然后就可以通过http://0.0.0.0:443来访问demo了，需要注意的是这里的 0.0.0.0 需要跟你的服务器IP一致。

使用🤗 扩散器：

请提前安装 PyTorch 2.0 或更高版本以满足指定版本的扩散器库的要求。

安装🤗扩散器，确保版本至少为 0.28.1：

pip install git+https://github.com/huggingface/diffusers.git

或者

pip install diffusers

您可以使用以下 Python 脚本生成带有中文和英文提示的图像：

import torch
from diffusers import HunyuanDiTPipeline
pipe = HunyuanDiTPipeline.from_pretrained("Tencent-Hunyuan/HunyuanDiT-v1.2-Diffusers", torch_dtype=torch.float16)
pipe.to("cuda")
# You may also use English prompt as HunyuanDiT supports both English and Chinese
# prompt = "An astronaut riding a horse"
prompt = "一个宇航员在骑马"
image = pipe(prompt).images[0]

您可以使用我们的提炼模型更快地生成图像：

import torch
from diffusers import HunyuanDiTPipeline
pipe = HunyuanDiTPipeline.from_pretrained("Tencent-Hunyuan/HunyuanDiT-v1.2-Diffusers-Distilled", torch_dtype=torch.float16)
pipe.to("cuda")
# You may also use English prompt as HunyuanDiT supports both English and Chinese
# prompt = "An astronaut riding a horse"
prompt = "一个宇航员在骑马"
image = pipe(prompt, num_inference_steps=25).images[0]

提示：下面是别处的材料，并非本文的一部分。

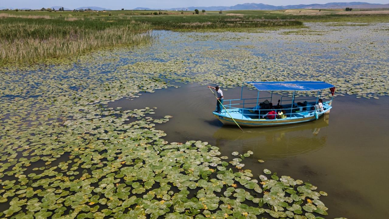 Bölgeye gelen ziyaretçiler, hem göl manzarasının tadını çıkarıyor hem de nilüfer çiçeklerinin oluşturduğu doğal tabloyu görüntüleme fırsatı buluyor.
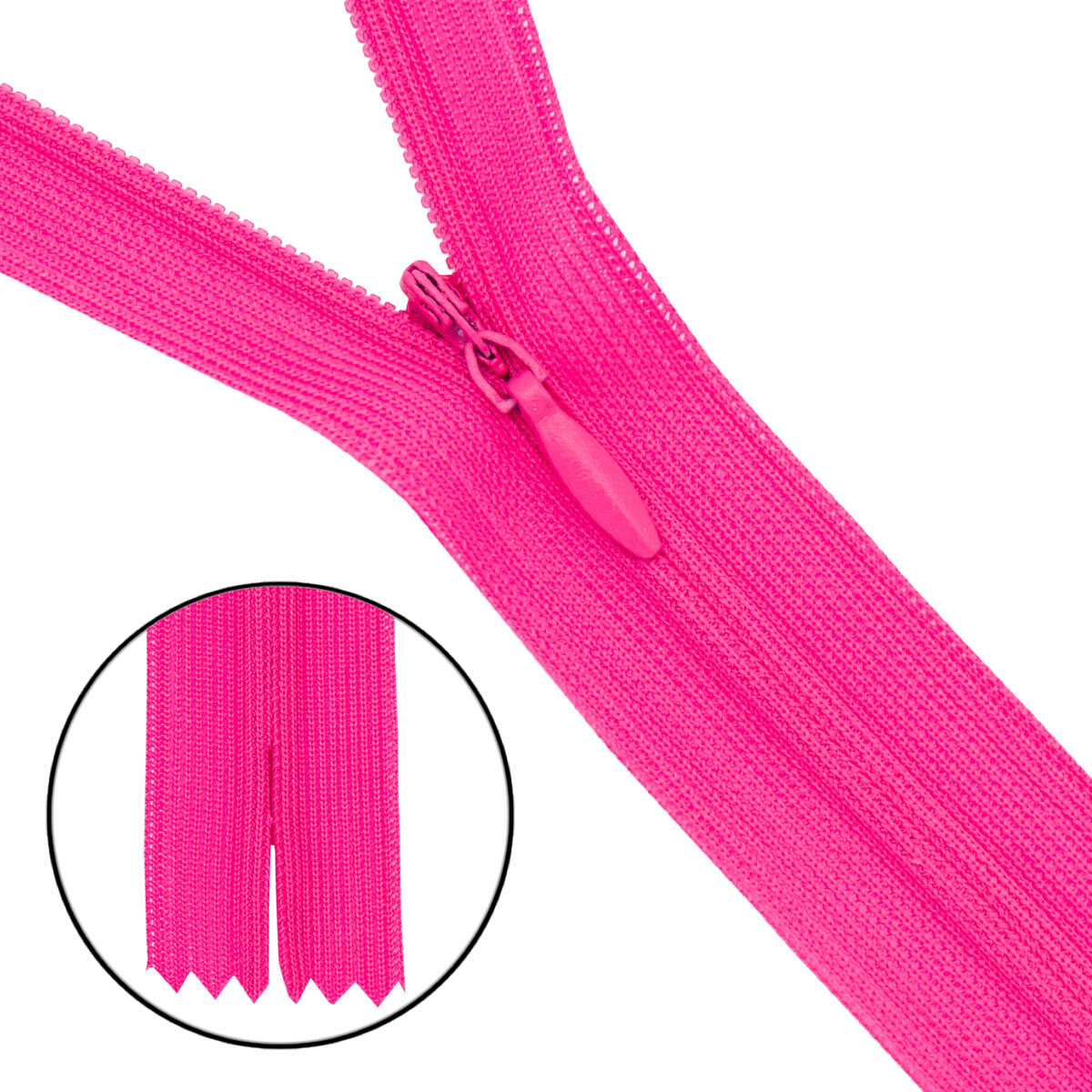 Молния потайная (скрытая) Т3 (3 мм) 1 зам., н/раз., 20 см, нейлон, F337 ярк.розовый неон, 10 шт

更多详细信息请参阅HunyuanDiT-v1.2-Diffusers-Distilled

更多功能：对于 LoRA 和 ControlNet 等其他功能，请查看./diffusers的 README 。

使用命令行：我们提供了几个快速启动的命令：

# Only Text-to-Image. Flash Attention mode
python sample_t2i.py --infer-mode fa --prompt "渔舟唱晚" --no-enhance
# Generate an image with other image sizes.
python sample_t2i.py --infer-mode fa --prompt "渔舟唱晚" --image-size 1280 768
# Prompt Enhancement + Text-to-Image. DialogGen loads with 4-bit quantization, but it may loss performance.
python sample_t2i.py --infer-mode fa --prompt "渔舟唱晚"  --load-4bit

🏗️ 适配器：控制网

我们提供了 ControlNet 的训练脚本，详细信息请参阅./controlnet。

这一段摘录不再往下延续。